The development of the data set for the undiagnosed patients’ registry was based on the minimal data set for rare disease patient registries recommended for European cooperation Version 3.0. [35] (see Table 1) This data set had been developed for the EUCERD-Action of the European Commission and has been the basis for the Set of Common Data Elements for Rare Diseases Registration, which was released by the EU Rare Disease platform with only some minor changes [42].

We extended the minimal data set by symptoms, clinical findings and prior diagnoses and generated two forms: a basic form, which is filled out initially when a patient is included in the registry and an episodic or longitudinal form, which can be filled out several times. (see Table 2). The basic form can only be altered by an administrator once the data set has been saved. The episodic form functions as a follow-up tool. The forms have to be filled out by personnel of the rare disease centre, for example study nurses or clinicians/researchers and may be included into the patients’ medical files.

Table 2 Suggested data set for a registry for undiagnosed patients

The basic form

Personal information such as name, surname, date of birth and current address, more precisely the postal code, is used to create the personal ID (pseudonym) with the Mainzelliste.

Gender of the patient is documented.

As over 70% of rare diseases have a genetic origin, we ask for the patient´s parents’ consanguinity in the family information.

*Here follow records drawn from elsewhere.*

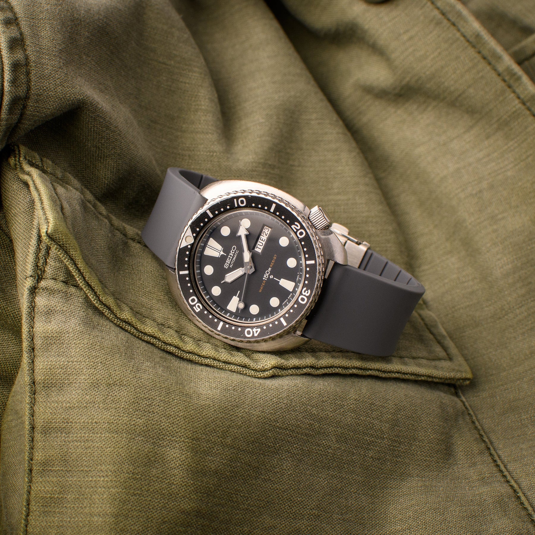 Our silicone is stupendously soft, and that silky smooth feel is what makes this the most popular material in our lineup. While others admire your handsome new strap, you'll hardly notice it's there.
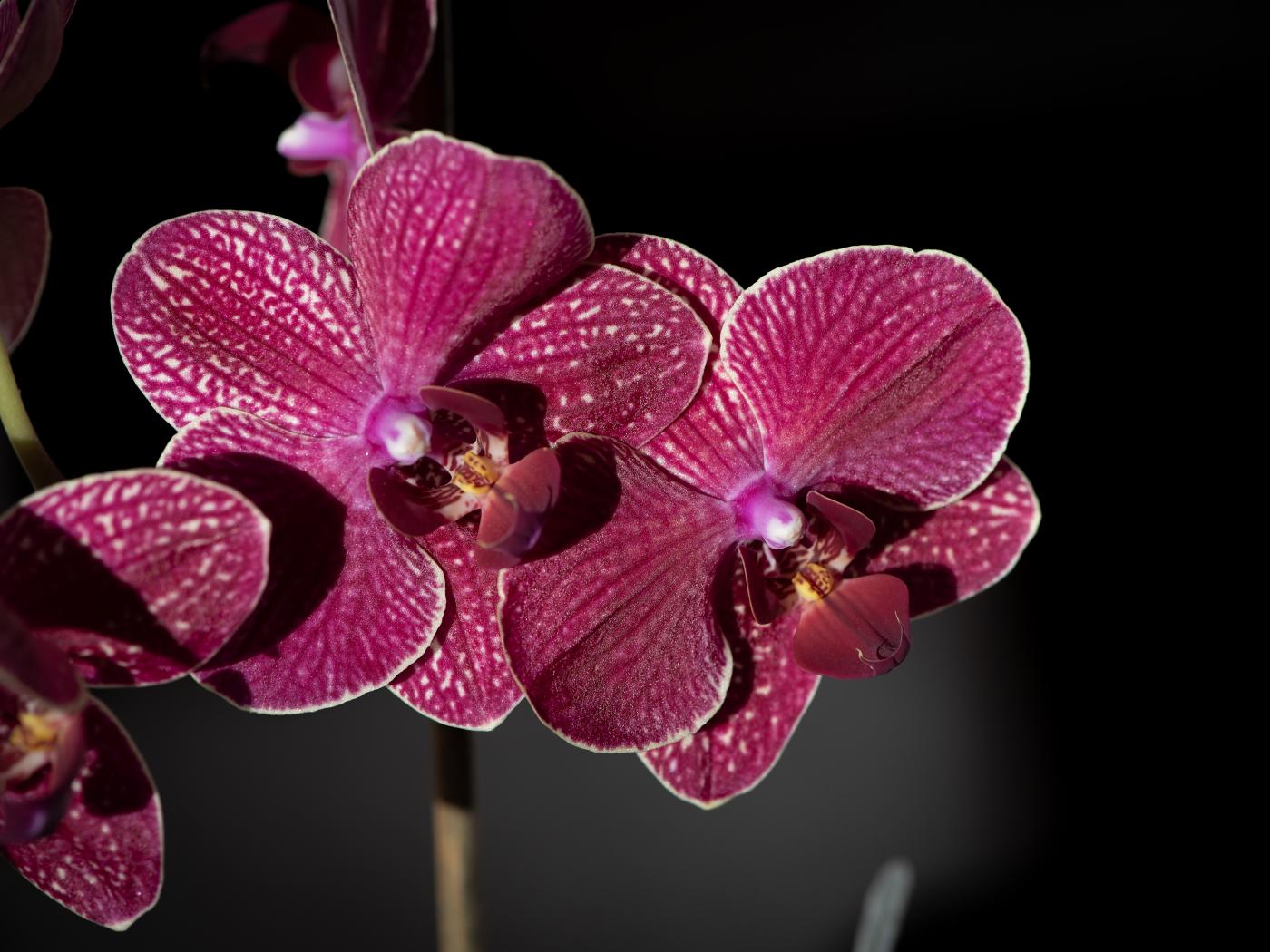 Wallpaper Delicate pink orchids close-up on a black background
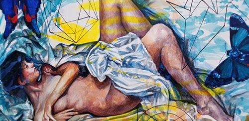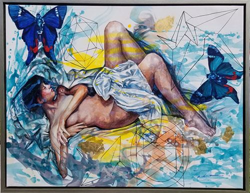 Brilliant original acrylic and oil pastels on canvas. Hand signed by artist. This artwork comes framed, ready to hang. 42x32 Artwork 40x30
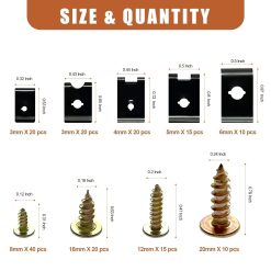 Specifications: 4 popular sizes screw( 40pcs 3*8mm, 20pcs 4*16mm, 15pcs 5*12mm, 10pcs 6*20mm) and 5 popluar sizes U-clip(20pcs 3mm, 20pcs 4mm, 20pcs, 4mm15pcs 5mm, 10pcs 6mm)
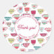 Un pastel moderne prend sur une jolie porcelaine d'os vintage ou des tasses à thé en porcelaine. Superbe coordination autocollants avec texte personnalisé pour correspondre à votre célébration baby shower. Art original de Nic Squirrell.
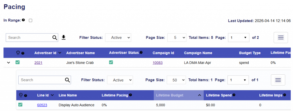 The new Pacing tab is a report designed to facilitate the management of many Line Items at once. From pacing to performance, this report summarizes all key metrics for each Line Item in your seat, making any potential issues easily identifiable at a glance. Check for a pulse on all your active campaigns, identify any issues with pixel placement, and assess pacing for all your Lines and Advertisers in one consolidated report. This report is updated each day at 6 am EST with metrics for the previous day.

We ask for vital status upon inclusion in the registry. If the patient has already died, the date of death is to be entered, too. Date of inclusion into the registry is reported.

For the disease history, we ask for the time when the first symptoms were noticed.

Previously diagnosed diseases are prompted. These diagnoses shall be coded with an international disease classification, preferably with the ICD-10. When a more specific code is needed, for example when a coexisting rare disease is to be coded, Alpha-ID or Orpha Code, can be used. Therefore, the type of code as well as its description is to be entered as well. A statement whether the diagnosis has been confirmed or is still being suspected is asked for.

Symptoms and clinical findings are to be entered together with the type of nomenclature with which they are coded and an exact description of the term in the coding system. Year and month of the symptoms’ first appearance are to be entered as well as its impact on the patient`s life.

The episodic form

Together with the basic form, the first longitudinal form has to be completed. When an episodic form is created, the data collection date has to be entered. Then vital status, date of death and if death was caused by a rare disease, if applicable, are to be filled out.

Newly developed symptoms and further diagnoses can be entered as well as those that were missed to be documented during the first data collection. The number of symptoms and diagnoses that can be entered is not limited.

If a causal diagnosis is found which potentially explains all symptoms, this information can be recorded as well. The diagnosis itself shall again be coded preferably using the ICD-10. Type and description of the code, status of diagnosis, year and month of diagnosis and whether the disease is a rare one shall be entered.

Lastly, information for research questions is to be entered. As these can change over time, only the latest episodic form is applicable. The questions concerning research are:

1. Has the patient given consent to be contacted for a study protocol?

2. Has the patient been informed concerning and not opposed to a future re-use of his/her de-identified data for other research purposes?

3. Has the patient already given a biological sample for research?

Test version

After determination of the data set and a coding system, the Medical Informatics Group Frankfurt installed a test version of the registry for undiagnosed patients. This test version was evaluated in a preliminary manner in terms of content and ease of use. Multiple users entered data of randomly selected anonymized health records of the students’ clinic for patients without a diagnosis of the FRZSE repeatedly. Technical problems as well as issues concerning the content were listed and discussed. The data set and user interface were optimized according to the identified problems. As a result, a tested and proven to work version of the registry for undiagnosed patients has been set up for further testing and evaluation in clinical routine.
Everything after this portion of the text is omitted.